The amount of death magic in the air bothered Severus slightly though. The air could only have been saturated with this much of it if the killing curse had been used frequently in a short amount of time or if a great magic had occurred and resulted in death. Severus stilled at that thought and regarded Quirrell's ashes for a moment. The chuckle…

Snapping himself out of his musings, he turned back to Potter and began to float him. He had to get him to Poppy; he would never forgive himself if something happened to Lily's son, no matter the father.


Harry James Potter

Harry woke up with a start. His vision swam, his body ached, and he could hear his blood pumping into every orifice of his person. Clutching his head, he knew that what had happened had surely been a dream. There was no way he had talked to Death, it was preposterous.

"Are you alright, Harry?" said a voice next to him. "I remember reading somewhere once in this delightful muggle magazine that too much air at one time came be damaging to the body."

Harry could only blink as his surroundings came into a blurry focus for him. The Hogwarts Hospital Wing, he realized. That means that they must have found him. He reached for his glasses on the nightstand, and turned to look at Dumbledore, who had been waiting for Harry to gather his senses. "Professor? What are you doing here? What about Quirrell, the stone?"

He would have kept going, but the old wizard held up his hand to motion for him to stop. "Gone, Harry. Quirrell died down in that chamber when he tried to touch you. As for the stone, it has disappeared, though to where I do not know."

Harry looked back down at his sheets; Ron, Hermione, and he nearly lost their lives trying to protect that stone. And now it had somehow mysteriously disappeared? That was just a bit too suspicious

"Though you can rest assured, Harry, it would have been impossible for the stone to have fallen into the wrong hands. The only people who were down in that chamber were you, Professor Quirrell, and Professor Snape."

Harry turned to him alarmed; about to speak his suspicions about his potions professor, but then held his tongue. Quirrell's words, that Snape had been trying to protect the stone, rang in his head. "What about Ron and Hermione? Are they okay?"

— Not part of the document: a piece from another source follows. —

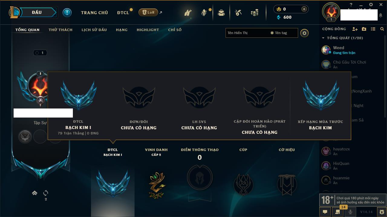 Rank Đơn: Chưa rank mùa nàoKhung: Chưa có khungTướng: 0 - Còn 600 THXTrang Phục: 0Rank ĐTCL: Chưa RankLinh Thú: 33
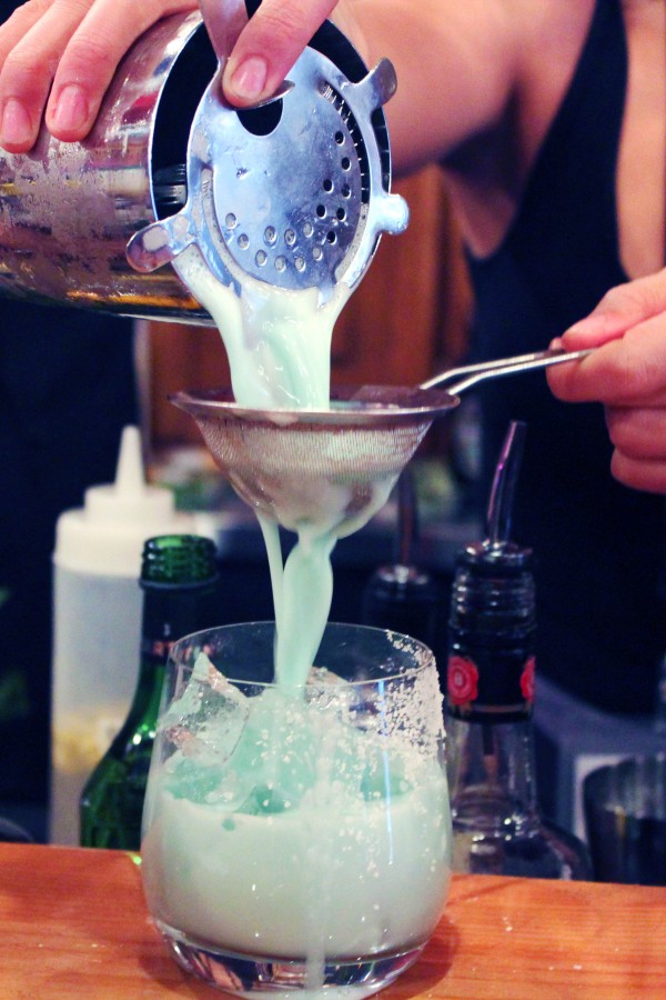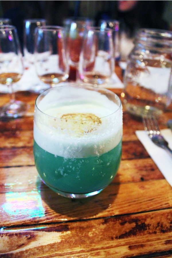 Entitled “Matty Jones’ Locker”, I wanted to create a deep-sea looking drink that paired well with a salt rim. As a take on a spicy margarita I used Knob Creek 9 Year, lime juice, blue curacao, ginger simple syrup, Hellfire bitters and egg whites.

The old wizard reached up with a halting gesture. "Fine, Harry. They are fine. As a matter of fact," Dumbledore reached towards the mountain of sweets at the foot of Harry's bed, "I believe he has already saved you the trouble of opening your chocolate frogs."

Harry could only smile, "Of course he did."


The Hogwarts express had pulled away from the station some time ago. Both Ron and Hermione had fallen asleep in their compartment, leaving Harry alone to look out the window.

Had it been a dream, what happened in the mirror chamber? Death had said his heart had exploded, being plowed straight through by Voldemort's spirit. So, that would mean that he no more heart, right?

With a shaking hand, Harry moved to feel where the familiar beating of his heart should've been. Instead, he felt nothing. Nothing at all, not a single thump.

Breathe, Harry, breathe…he thought to himself, Think about this logically and calmly. You're heart isn't beating, if it's even in one whole piece anymore anyways.

Quietly, Harry got up and left the compartment, heading to the bathroom. No better place when you need to think in solitude. And solitude was exactly what he needed right now. By the laws of nature he should be dead, can't exactly live with a broken heart, right? He couldn't be walking around normal like any other person.

Harry pulled his shirt open, and clenched his teeth at what he saw. A dark patch of skin where his heart should have been, the size of a deep red stone.


A/N: A lot more details and the beginnings of some plot points that I may have inadvertently created later in the story out of the blue. Plus, a good thousand words longer.